* WORK ITEM
In the records below, find the line with "Otro tanto ocurre", then retype it and every following line exactly, stopping after the line with "本品规格为直径18.3厘米,厚度1.7厘米。采用 高浮雕 +". Leave the pictures out.

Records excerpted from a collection
- - -

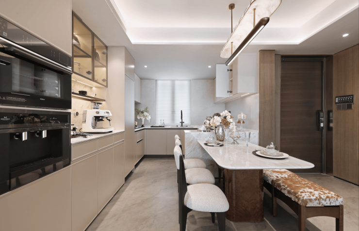 装修方面,139平户型三大件标配,日立中央空调、迈迪龙新风、菲斯曼地暖,厨房配置老板四件套、3M末端净水器,还是最近很流行的三眼灶,内嵌洗碗机和蒸烤一体机,卫生间品牌高仪/科勒/恩仕,全屋智能马桶,全屋智能家居系统,整体精装较限价时期升配明显。
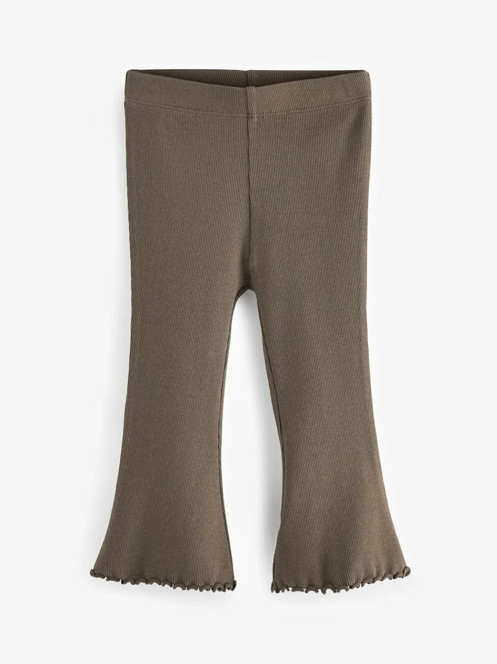 Level-up her everyday looks with our rib flare khaki green leggings. Made from a cotton rich blend for added comfort and finely finished with lettuce trim edges, an elasticated waistband and ribbed detailing. Ribbed cotton stretch fabric Elasticated waistband Pull-On style Wide-leg shape Lettuce trim edges Machine washable. 95% Cotton, 5% Elastane.
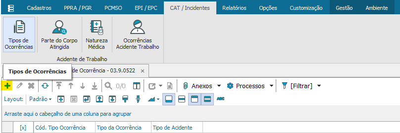 Para efetuar o cadastro de Tipos de Ocorrências acesse a aba “CAT/ Incidentes” opção “Tipos de ocorrências” e clique em “Incluir”
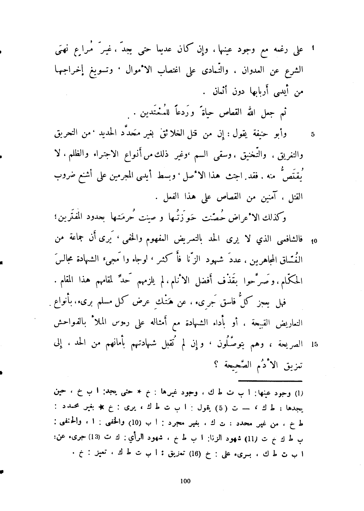 فأبو حنيفة يقول إن من قتل الخلائق من غير محدد الحديد من التغريق والتحريق والتخنيق وسقي السم وغير ذلك من أنواع الاجتراء والظلم لا يقتص منه فقد اجتثت هذا الأصل وبسط أيدي المجرمين على أشنع ضروب القتل آمنين من القصاص على هذا الفعل.
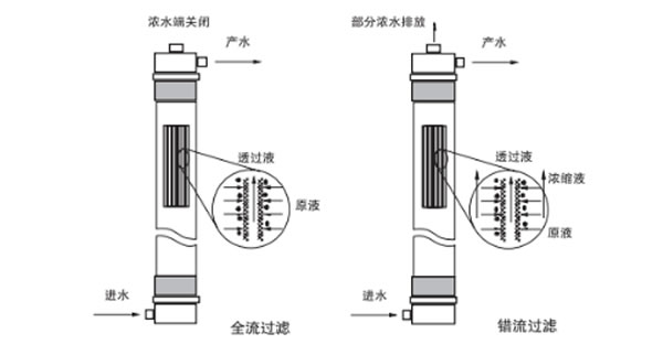 在超濾過程中,水溶液在壓力推動(dòng)下,流經(jīng)膜表面,小于膜孔的溶劑(水)及小分子溶質(zhì)透水膜,成為凈化液(濾清液),比膜孔大的溶質(zhì)被截留,隨水流排出,成為濃縮液。超濾運(yùn)行有全流過濾 (死端過濾) 和錯(cuò)流過濾兩種模式。全流過濾時(shí),進(jìn)水全部透過膜表面成為產(chǎn)水;而錯(cuò)流過濾時(shí),部分進(jìn)水透過膜表面成為產(chǎn)水,另一部分則夾帶雜質(zhì)排出成為濃水。全流過濾能耗低、操作壓力低,因而運(yùn)行成本更低;而錯(cuò)流過濾則能處理懸浮物含量更高的流體。 具體的操作形式宜根據(jù)水中的懸浮物含量來確定。
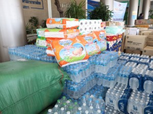 ภารกิจแรก รองนายกรัฐมนตรีได้นำผ้าไตรจีวรจำนวน 100 ไตร พร้อมสมณบริขาร ยารักษาโรค และของจำเป็น ซึ่งเจ้าพระคุณ สมเด็จพระอริยวงศาคตญาณ สมเด็จพระสังฆราช สกลมหาสังฆปริณายก โปรดประทาน มอบถวายพระภิกษุและสามเณรที่ได้รับผลกระทบจากน้ำท่วม ณ วัดชัยชนะสงคราม อำเภอหาดใหญ่ โดยมีพระเทพวชิรสุตาภรณ์ เจ้าคณะจังหวัดสงขลา เป็นประธานฝ่ายสงฆ์ ขณะที่ปลัดสำนักนายกรัฐมนตรีได้ถวายผ้าไตรสมทบอีก 500 ไตร เพื่อกระจายไปยังวัดต่าง ๆ ที่ประสบภัย
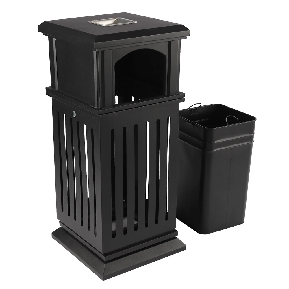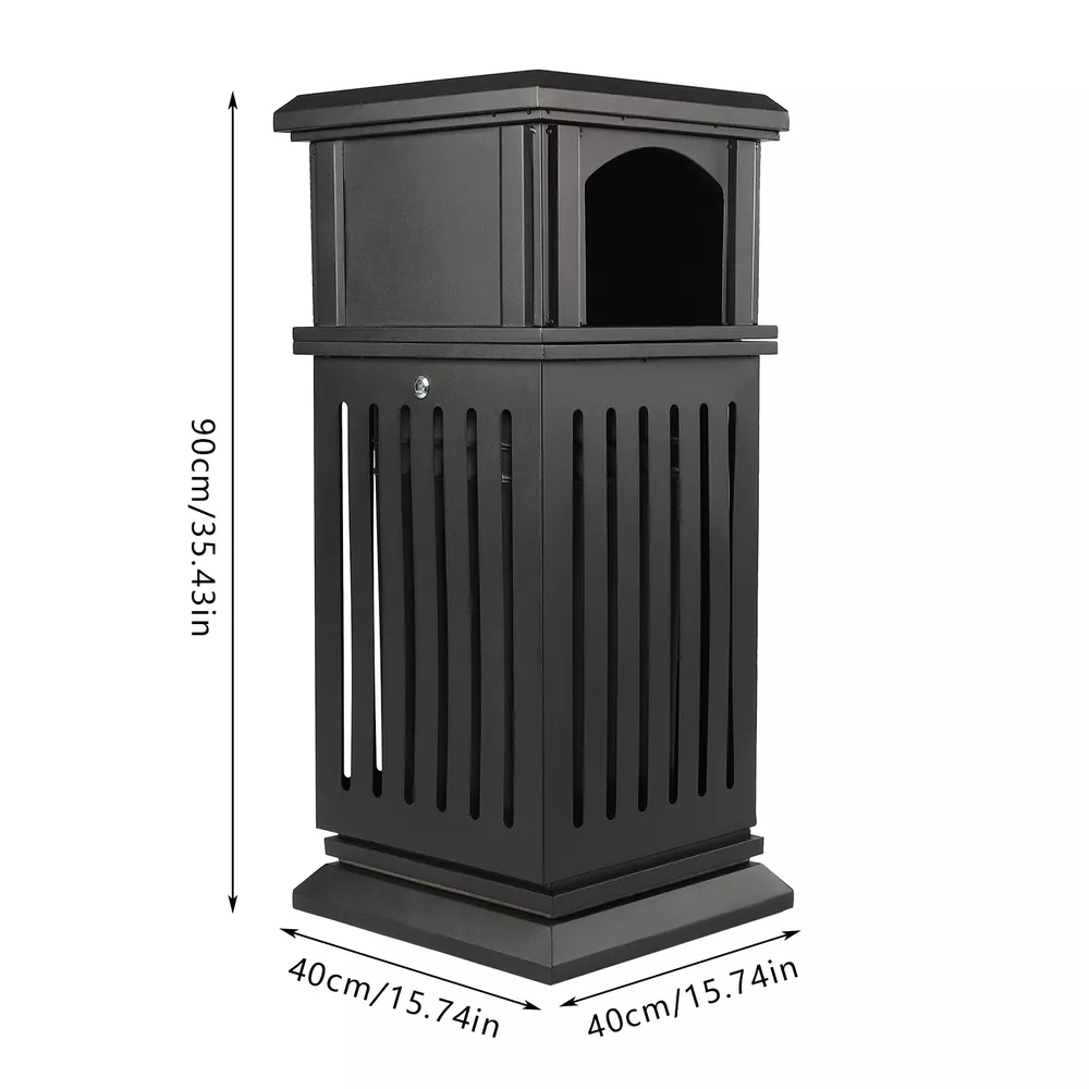 Commercial Trash Can Restaurant Outdoor Large Garbage Waste Recycle Bin Black US Black Garbage Can Description An Exquisite and Practical Garbage Can Not Only Helps to Keep the Environment Clean and Fresh but Also Beautifies the Style of the Environment. This Garbage Can Is Made of High-quality Galvanized Sheets and the Exquisite Spraying and Baking Paint Process Can Adapt to Different Indoor and Outdoor Environments to Serve You for a Long Time. Key Features Exquisite Appearance : the Elegant, Antique Black Surface with Smooth Lines and Hollow Panels Create an Exquisite Appearance, Which Can Add a Classical Style to Parks and Other Venues. High-quality Material : the Surface of a High-quality Galvanized Sheet Is Exquisitely Sprayed and Baked, Which Greatly Enhances Its Ability to Resist Corrosion and Impact, Enabling It to Adapt to Different Outdoor/Indoor Environments. Stable Structure : Thickened and Enlarged Base and Regular Rectangular Structure Provide a Stable Structure for the Product to Improve Wind Resistance . Hands-free Garbage Disposal : the Double-sided Enlarged Arch Opening Design Not Only Facilitates the Disposal of Larger Garbage but Also Allows You to Dispose of Garbage Without Touching the Lid, Which Is More Convenient and Hygienic. Large Capacity : the Large Deep Liner Has a Large Capacity of 8.8 Gallons, Which Makes It Suitable for High-traffic Areas Such As Parks, Schools, or Amusement Parks. Large-capacity Trash Cans Can Keep the Ground Clean and Trash-free for a Long Time Without Frequent Cleaning. Installation-free : the Product Is Shipped As a Whole so It Can Be Used upon Receipt Without Installation, Which Is a Time Saver. Stable and Secure : the Lid with Lock Enhances Security to Prevent Theft. for Weather Resistance and to Prevent Vandalism, the Bottom of Weather-resistant Trash Garbage Can Be Fastened with Equipped Screws to the Pavement. Thoughtful Design : This Floor-standing Garbage Can Is a Versatile Combination of an Ashtray and Trash Receptacle, Not Only Offers Convenient Hands-free Disposal of Cigarettes and Trash at One Location but Also Can Extinguish and Discard Cigarette Butts for Effective Fire Prevention. Easy to Clean : the Smooth Surface, Simple Structure, and Removable Liner Make It Easy to Clean. You Just Need to Wipe It Gently with a Damp Cloth. Protective Packa ging: the Sturdy Cardboard Box Provides Full Protection for the Product to Avoid Damage in Transit. Customer Service : We Aim to Provide Quality Products and Services. If You Have Any Problems, Please Feel Free to Contact Us. We Will Reply and Solve the Problem for You As Soon As Possible. Details Flip Lid : the Top Flip Lid Not Only Prevents Rain and Snow from Entering but Also Makes It Easy to Clean up the Garbage. Carrying Handles : the Two Carrying Handles of the Inner Liner Not Only Facilitate Movement but Also Prevent Hands from Directly Touching the Garbage. Round Edges : the Round Edges Can Protect Hands from Scratches. Application It Applies to Indoor or Outdoor Places, Such As Patios, Parks, Lobbies, Shopping Malls, Courtyards, Garages, Offices, Halls, Etc. Specification Material: Galvanized Sheet Color: Black Process: Spraying Plastics and Baking Paint Style: Modern Shape: Rectangular, Cylindrical Opening Mechanism: Open-top Special Feature: Entrance, Anti-slip Capacity: 40l/8.8gal Gross Weight: 16kg/35.3lbs Net Weight: 15kg/33lbs Package Size: 92*42*42cm/36.22*16.53*16.53in Product Size: 40*40*90cm/15.8*15.8*35.5in Package Included 1*Garbage Can 1*Key 2*Screws Notes For Safety, Please Completely Extinguish the Cigarette Before Putting It into the Ashtray. Please Allow the Slight Color Difference Caused by the Shooting Light and 1-3cm Error Due to Manual Measurement. Please Make Sure You Do Not Mind Before You Order. Payment Delivery details Terms of sales About us Contact us Payment We accept ebay payment 。 Fees such as import duties, taxes are not included in the item price or shipping costs. These charges are the buyer's responsibility. Delivery details Shipping: 2-9 working days to: USA Terms of sales We maintain high standards of excellence and strive for hundred percent customer satisfaction. Feedback is very important to us. We hope that you contact us immediately before you give neutral or negative feedback, so that we can address your concerns. It is impossible to address issues if we do not know about them! About us Your satis faction is our ultimate goal. We work hard to earn your trust and future business. Our certified technicians have tested each item before shipping. The unit comes with 1 year limited warranty on all manufacturing defects. a) If you receive a defective item, you may return it or ask for a discount. Please contact us within 14 days after you receive the package. b) What you returned must be intact and in its original packaging as re? u. Customer is responsible for shipping costs of the returned item. c) We will cover the cost of shipping back t with the shipping rate indicated in the registration page. We will send you a new unit or refund the full payment you paid. Thank you. Contact us Business Hour Business Hour: Monday To Friday: 8:30 AM to 5:00 PM (Beijing China time) Due to time zones, our reply to your questions may not be immediately. But within above working time, we will reply your email within 24 hours. If it's non-workdays, please kindly be patient and wait till Monday. Please contact us with ebay message. Please feel free to contact us if you have any questions. Monday To Friday: 8:30 AM to 5:00 PM (Beijing China time) Due to time zones, our reply to your questions may not be immediately. But within above working time, we will reply your email within 24 hours. If it's non-workdays, please kindly be patient and wait till Monday. Please contact us with ebay message. Please feel free to contact us if you have any questions. Transportation does not include Canary Islands Shipping Notice Can not ship to Puerto Rico,Alaska/Hawaii It
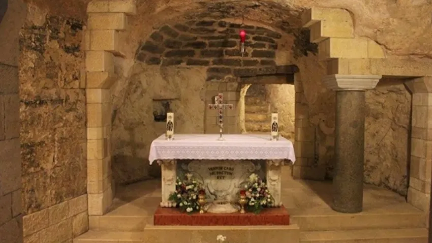 Otro tanto ocurre al pasearse por la majestuosa cripta de la basílica de la Anunciación y detenerse frente a su altar. Si se cierran los ojos y se abre el corazón, es fácil ver a María afanada en las labores domésticas, las mismas que tantas veces hemos visto realizar a nuestras madres y esposas. En ese impresionante lugar, en el que todavía resuena el eco del “hágase según tu voluntad” de la encarnación, parece que los sólidos forjados que sostienen la basílica, construida encima, musitan dulcemente el nombre de María, a la vez que invitan a quienes entran en ella a recitar espontáneamente el “Avemaría” como la cosa más natural del mundo. ¿Cuántas avemarías se habrán rezado allí?
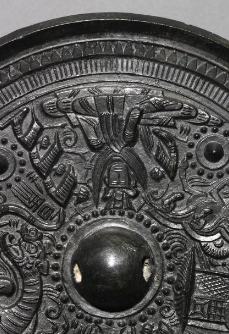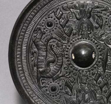 本品规格为直径18.3厘米,厚度1.7厘米。采用 高浮雕 + 线刻 工艺,人物(官吏、仙人 )、车马(车轮、车舆 )“浮出” 镜面约 2 - 3 毫米,衣纹褶皱、车马细节(以线刻表现 )清晰可触;或为 “官吏乘车出行”(车马、侍从 )、或为 “仙人对坐论道”(羽人、方士 ),尽显 “人物车马为故事核心” 的生动性;神兽形态 诡谲灵动(左侧为龙、右侧为虎 ),与人物车马互动(如 “龙虎护佑官吏车马” ),采用 线刻 + 浮雕 结合(躯体浮雕,鳞片、毛发线刻 ),强化 “人神共生” 意象。
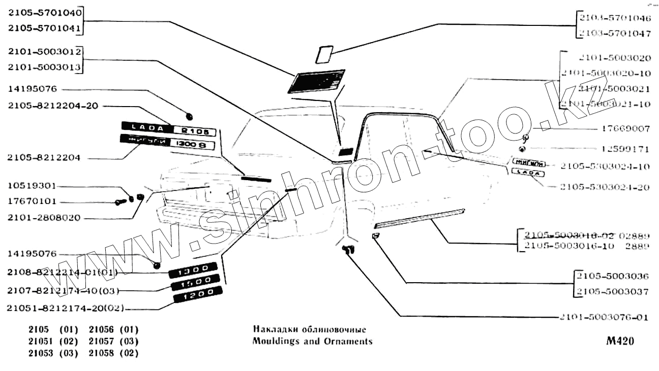Каталог запасных частей к технике: ВАЗ-2104, 2105. Накладки облицовочные
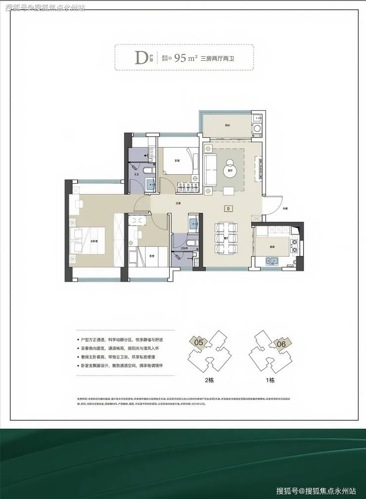 95㎡的3房2厅2卫,设计的是竖厅南北通透格局,客厅3.5米开间,五开间朝南,3个卧室分别做到了3.3米/2.5米/2.5米的宽度,主卧南北通透设计,U型厨房,公卫三段式分离,得房率:80.07%(不含赠送),阳台主朝西北或东北向。
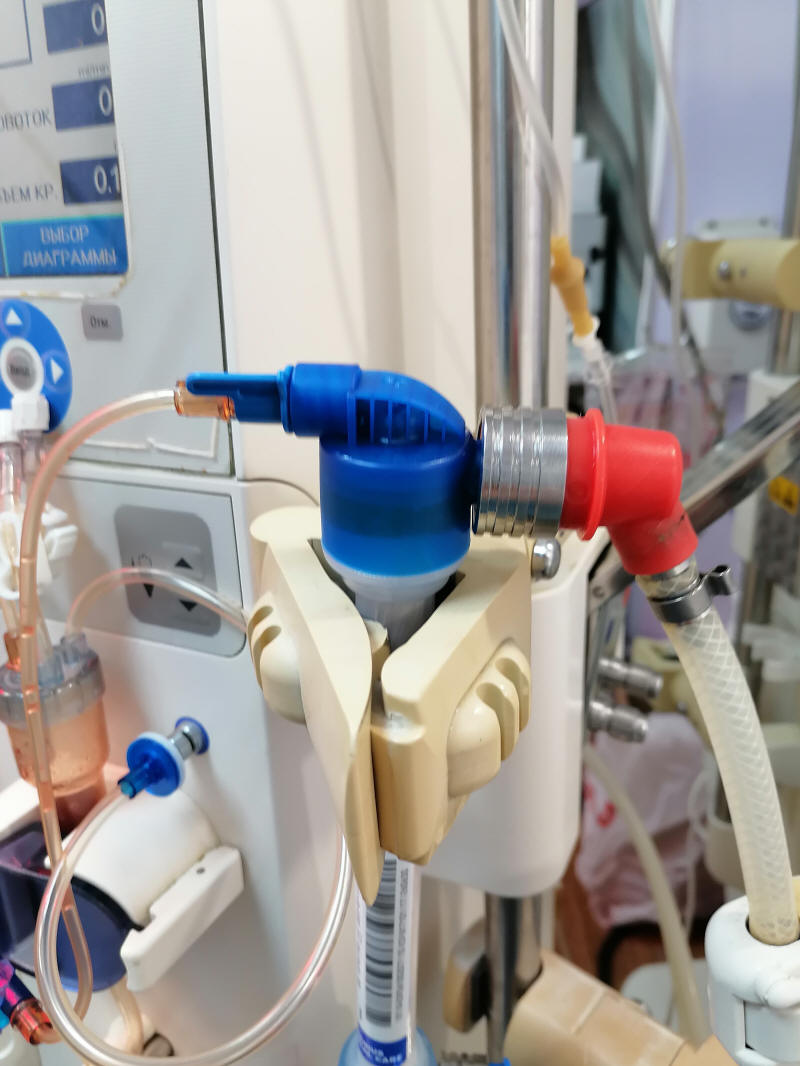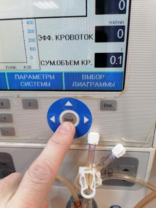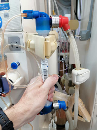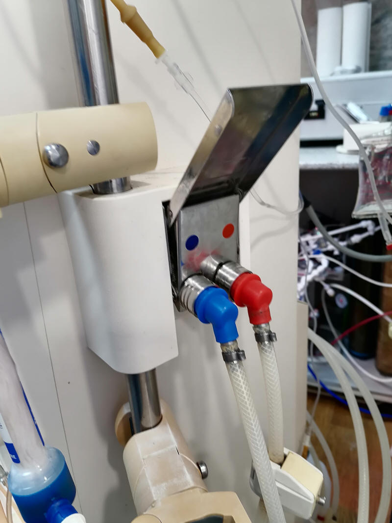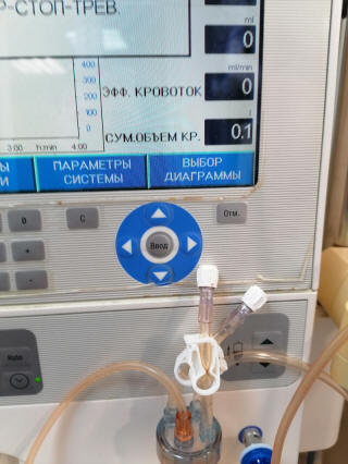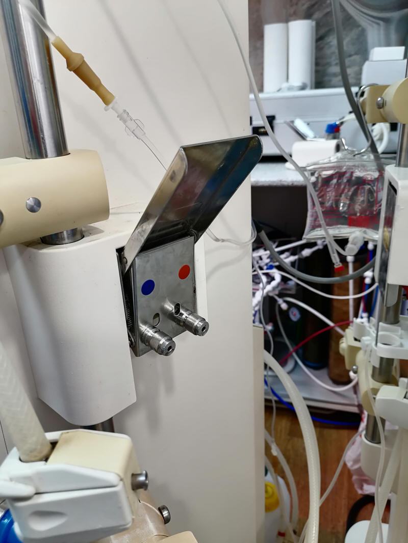 На нижний порт с подключенной красной артериальной линией - подключаем синий шланг диализата - это возврат диализной жидкости.
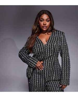 Curve Pearl Embellished Boucle Blazer Co-ord - Grey
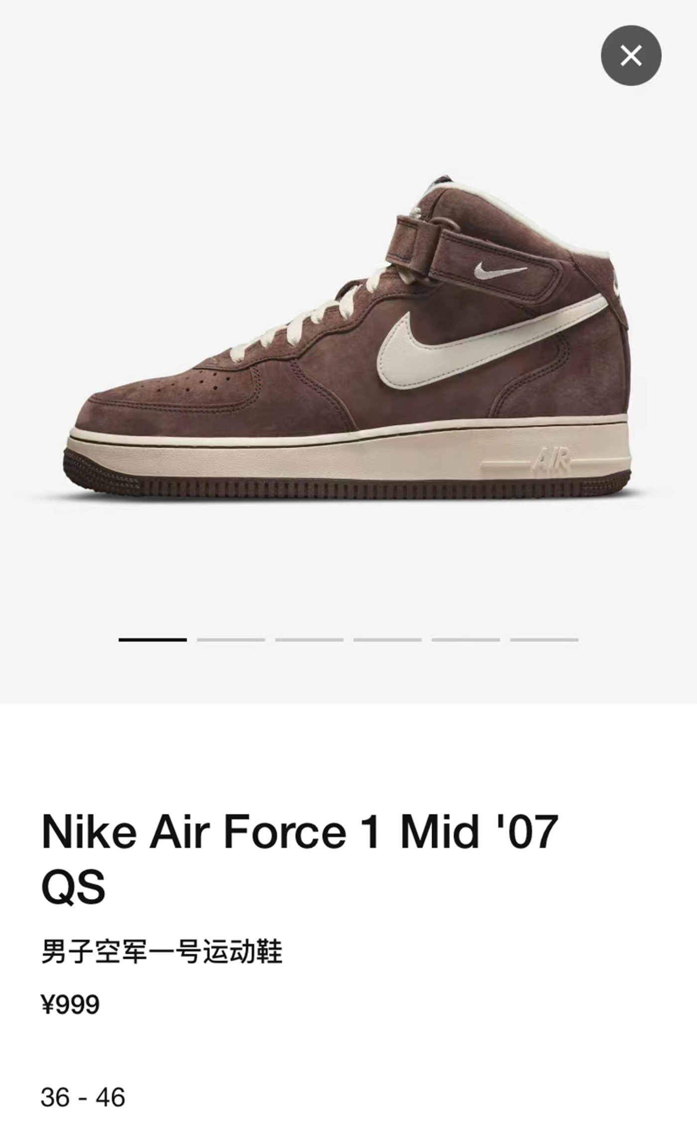 近日,此前曝光过的 Nike Air Force 1 Mid “Chocolate” 终于正式上架 SNKRS App!
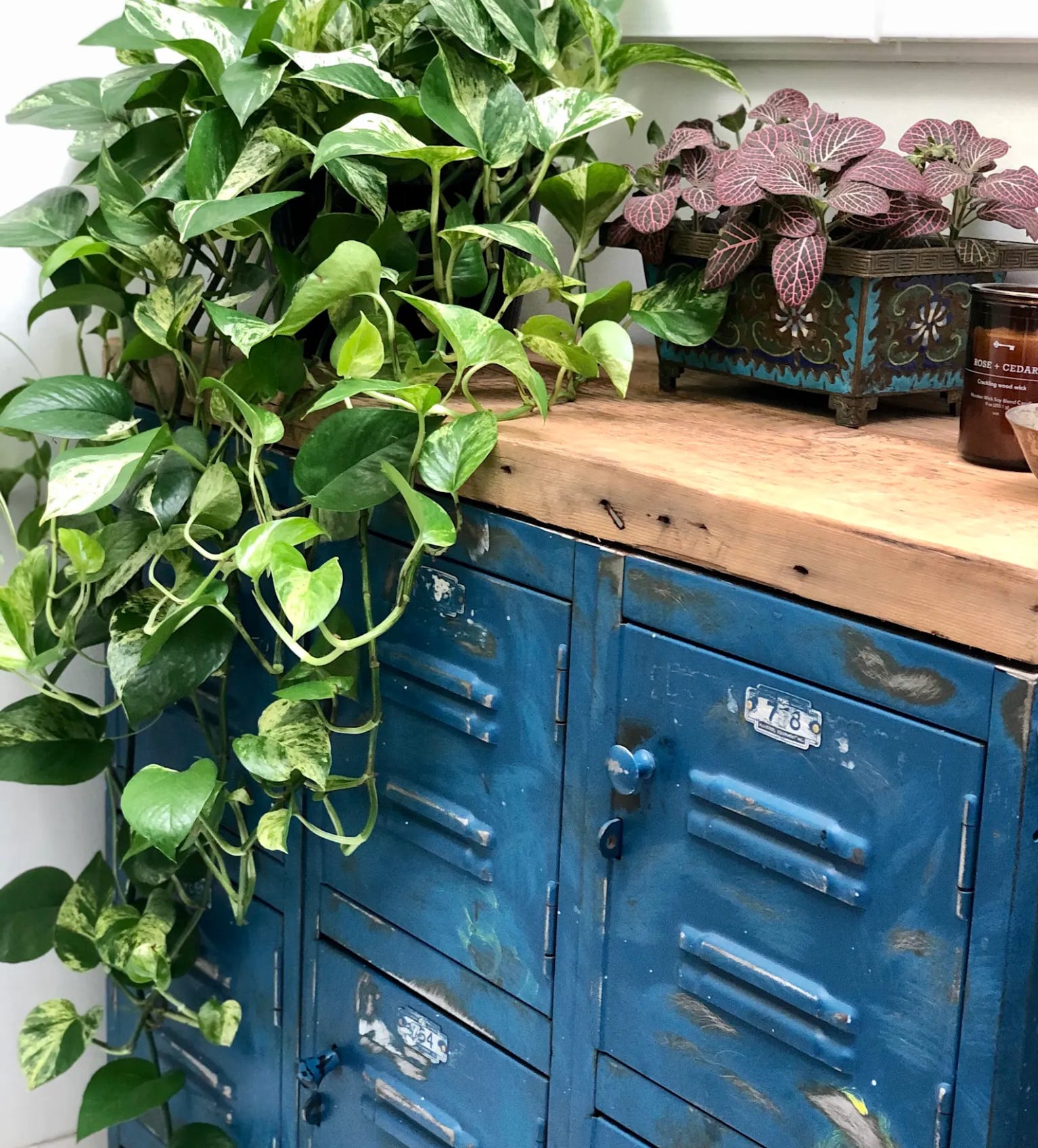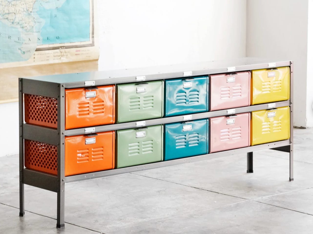 These metal baskets aren’t exactly lockers but they give the vibe. Locker furniture is often marketed to kids but grownups like them, too. (Photo: Rehab Vintage LA)

- - -

* EXERCISE ANSWER
 Otro tanto ocurre al pasearse por la majestuosa cripta de la basílica de la Anunciación y detenerse frente a su altar. Si se cierran los ojos y se abre el corazón, es fácil ver a María afanada en las labores domésticas, las mismas que tantas veces hemos visto realizar a nuestras madres y esposas. En ese impresionante lugar, en el que todavía resuena el eco del “hágase según tu voluntad” de la encarnación, parece que los sólidos forjados que sostienen la basílica, construida encima, musitan dulcemente el nombre de María, a la vez que invitan a quienes entran en ella a recitar espontáneamente el “Avemaría” como la cosa más natural del mundo. ¿Cuántas avemarías se habrán rezado allí?
 本品规格为直径18.3厘米,厚度1.7厘米。采用 高浮雕 + 线刻 工艺,人物(官吏、仙人 )、车马(车轮、车舆 )“浮出” 镜面约 2 - 3 毫米,衣纹褶皱、车马细节(以线刻表现 )清晰可触;或为 “官吏乘车出行”(车马、侍从 )、或为 “仙人对坐论道”(羽人、方士 ),尽显 “人物车马为故事核心” 的生动性;神兽形态 诡谲灵动(左侧为龙、右侧为虎 ),与人物车马互动(如 “龙虎护佑官吏车马” ),采用 线刻 + 浮雕 结合(躯体浮雕,鳞片、毛发线刻 ),强化 “人神共生” 意象。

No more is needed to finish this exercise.